WHAT YOU HAVE TO DO. Across the whole listing, return each line exactly, with no images included.

EXERCISE DATA.
◇ ◇ ◇ ◇ ◇
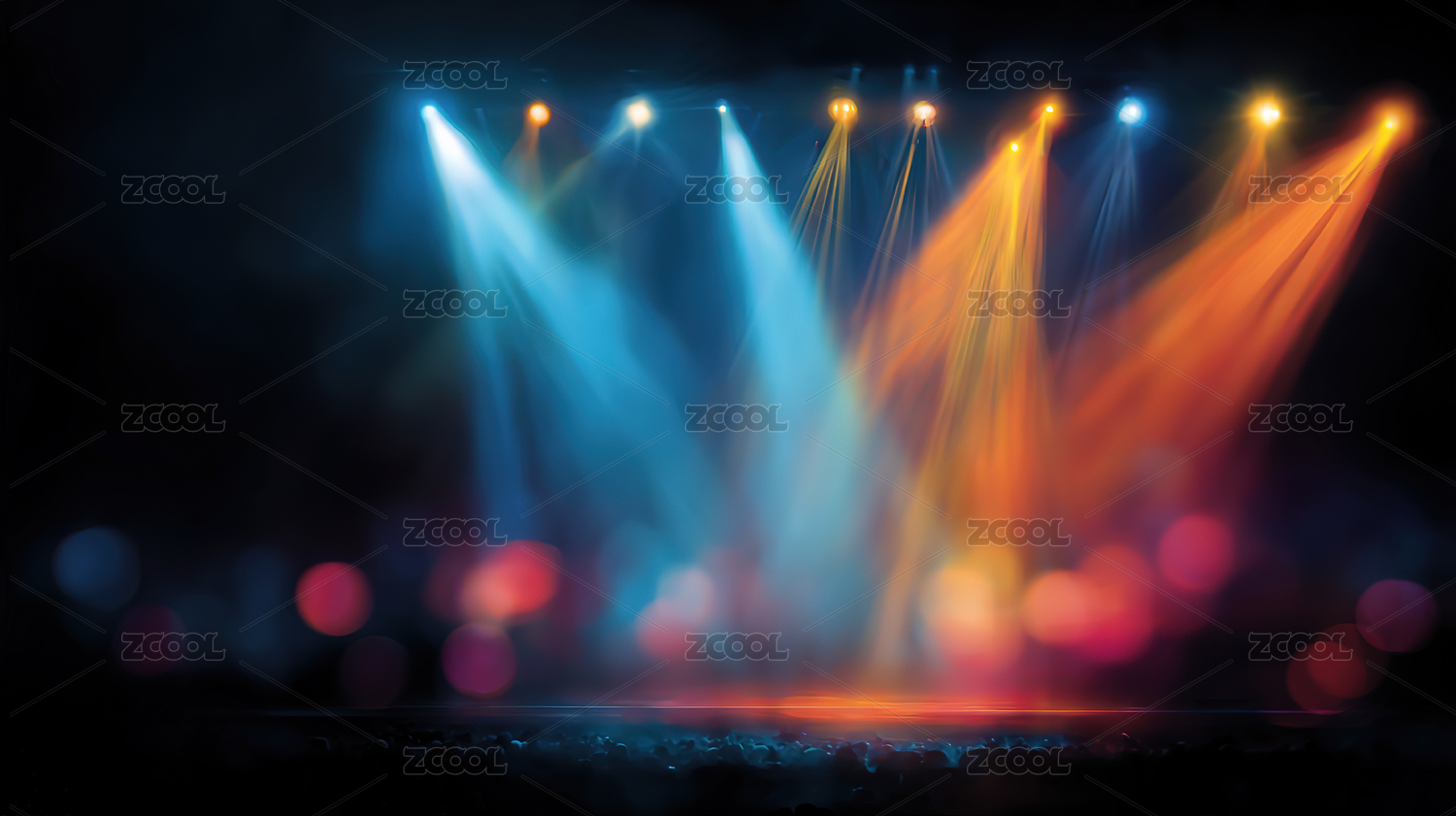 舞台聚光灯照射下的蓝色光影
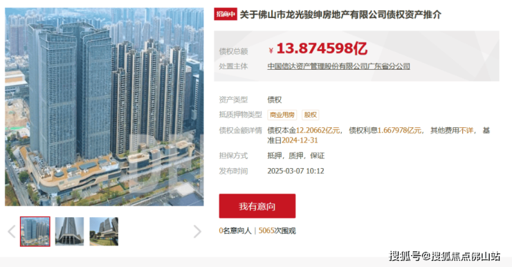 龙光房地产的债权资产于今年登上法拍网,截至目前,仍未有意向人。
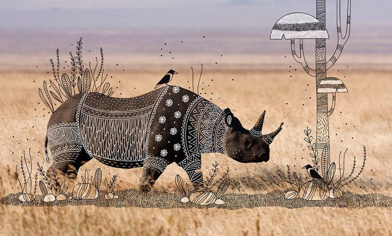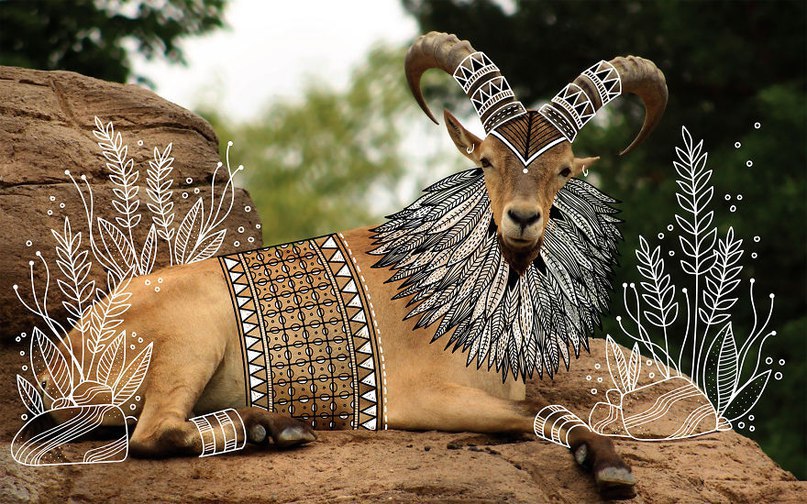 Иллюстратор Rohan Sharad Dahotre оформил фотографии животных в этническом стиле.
◇ ◇ ◇ ◇ ◇
WRITTEN RESPONSE.
 舞台聚光灯照射下的蓝色光影
 龙光房地产的债权资产于今年登上法拍网,截至目前,仍未有意向人。
 Иллюстратор Rohan Sharad Dahotre оформил фотографии животных в этническом стиле.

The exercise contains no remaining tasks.